Около половины седьмого вернулся сын, теперь уже усталый, бледный и какой-то приунывший. Сам того не понимая, он был удручен, оттого что отпустил мать одну. Стоило ей уйти, и ярмарка перестала его радовать.
— А папа приходил? — спросил он.
— Нет, — отвечала мать.
— Он пиво разносит в «Луне и звездах». Я видел через дырки в железных ставнях, он рукава закатал.
— Ха! — сердито воскликнула мать. — Он без денег. И будет рад, если сможет даром выпить, пусть даже ничего больше не получит.
Скоро стало смеркаться, миссис Морел не могла больше шить, и она поднялась и подошла к порогу. Все вокруг было пронизано праздничным неугомонным возбуждением, которое наконец передалось и ей. Она вышла в садик. Возвращались домой с ярмарки женщины, ребятишки прижимали к груди кто белого барашка с зелеными ногами, кто деревянного коня. Изредка, нагрузившись под завязку, нетвердыми шагами проходил мужчина. А то мирно шествовал во главе семейства примерный супруг. Но чаще женщины шли без мужей, только с детьми. В сгущающихся сумерках сплетничали на углах домоседки, сложив руки под белыми фартуками.
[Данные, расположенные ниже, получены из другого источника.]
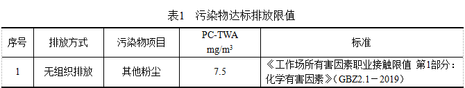 砂帶機產生的粉塵經處理后達到《大氣污染物排放標準》(GB16297-1996)表2二級標準要求,即顆粒物排放濃度≤120mg/m3,尾氣接至窗戶外,同時增加百葉窗裝飾。同時,車間內無組織排放粉塵能符合《工作場所有害因素職業接觸限值 第1部分:化學有害因素》(GBZ2.1-2019)相應標準要求,具體見下表1。
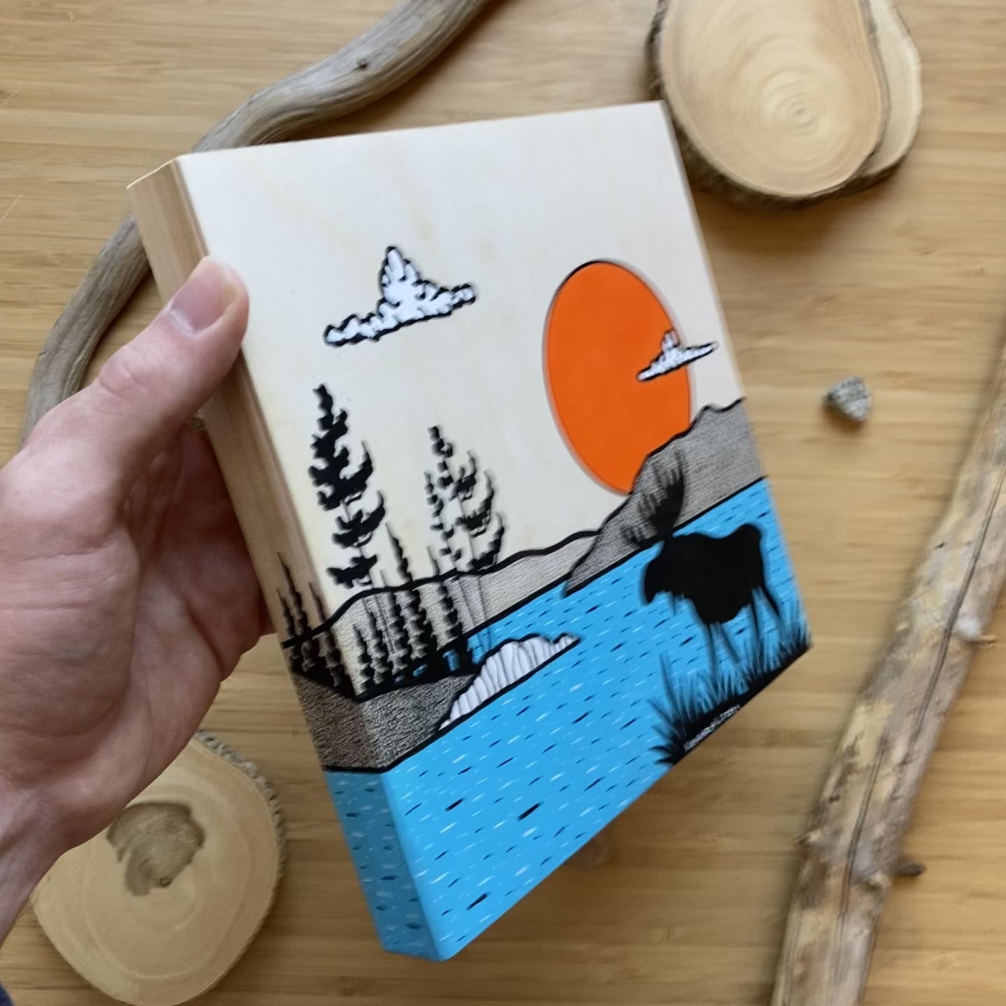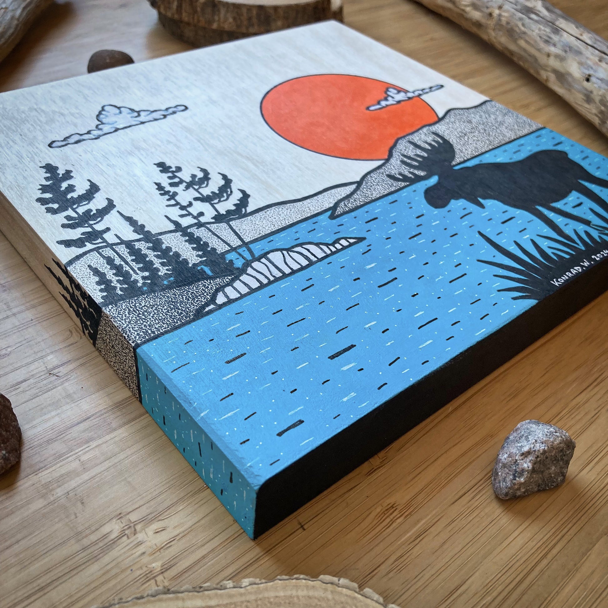 This Original 8x8 wood panel illustration features a silhouette of a moose surrounded by a lake scene
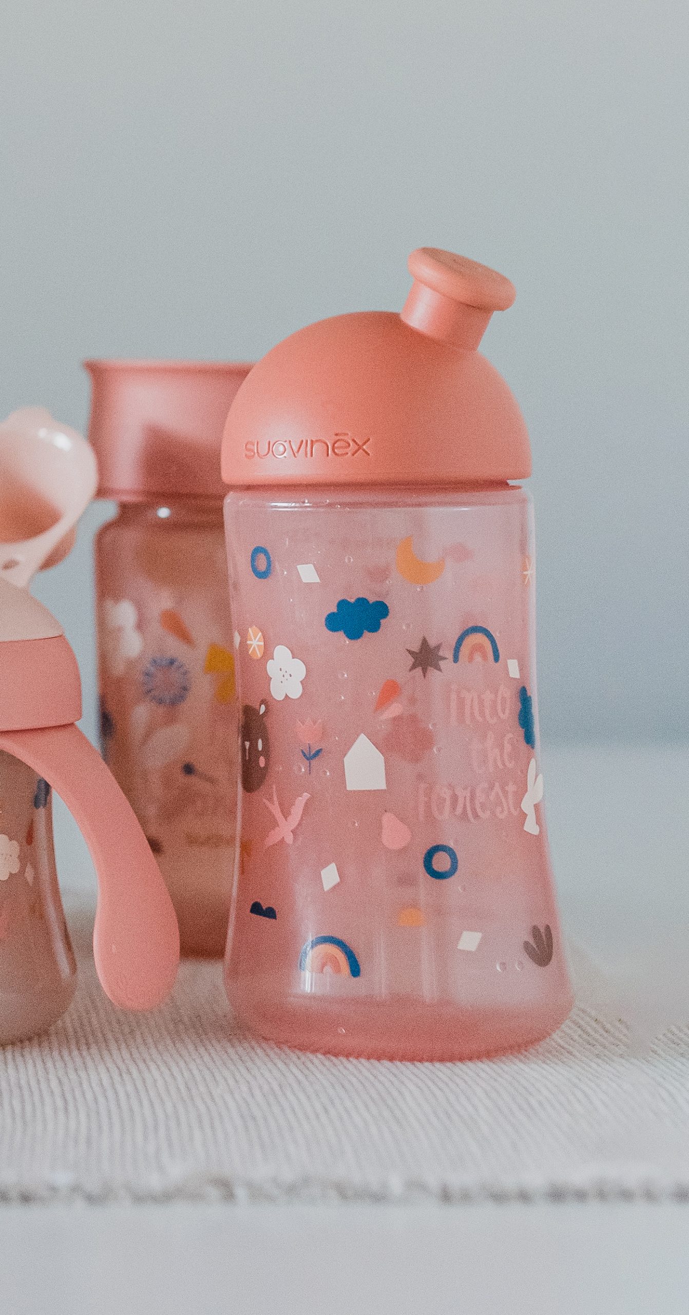 Biberón con asas antiderrame con boquilla de silicona para bebés a partir de 4 meses. Gracias a su boquilla de silicona suave y blandita, facilitaráel tránsito de tu bebé del biberón al vaso ya que el líquido solo sale cuando tu bebé succiona. Sus asas de quita y pon aportan independencia mientrasque su forma ergonómica está pensada para manitas pequeñas. Capacidad 270 ml.Todos los productos Suavinex no contienen Bisphenol A.

Миссис Морел стояла одна, но ей было не привыкать. Сын и дочурка спят наверху, значит, похоже, дом здесь, у нее за спиной, в целости-сохранности. Но ожидающееся прибавление семейства угнетало. Жизнь казалась безотрадной — ничего хорошего уже не ждет ее в этом мире, по крайней мере пока не вырос Уильям. Да, ничего ей не остается, кроме безотрадного долготерпенья — пока не выросли дети. А детей что ждет! Не вправе она заводить третьего. Не хочет она его. Отец подает пиво в пивной, лишь бы самому напиться допьяна. Она презирает его — и прикована к нему. Новое дитя ей не по силам. Если б не Уильям и Энни, у нее опустились бы руки в этой борьбе с нищетой, уродством, убожеством.
Слишком она сейчас отяжелела, на улицу не выйти, но и оставаться в доме невмоготу, и она вышла в палисадник. Было жарко, нечем дышать. Она вглядывалась в будущее, и при мысли о том, что ждет впереди, ей казалось, ее похоронили заживо.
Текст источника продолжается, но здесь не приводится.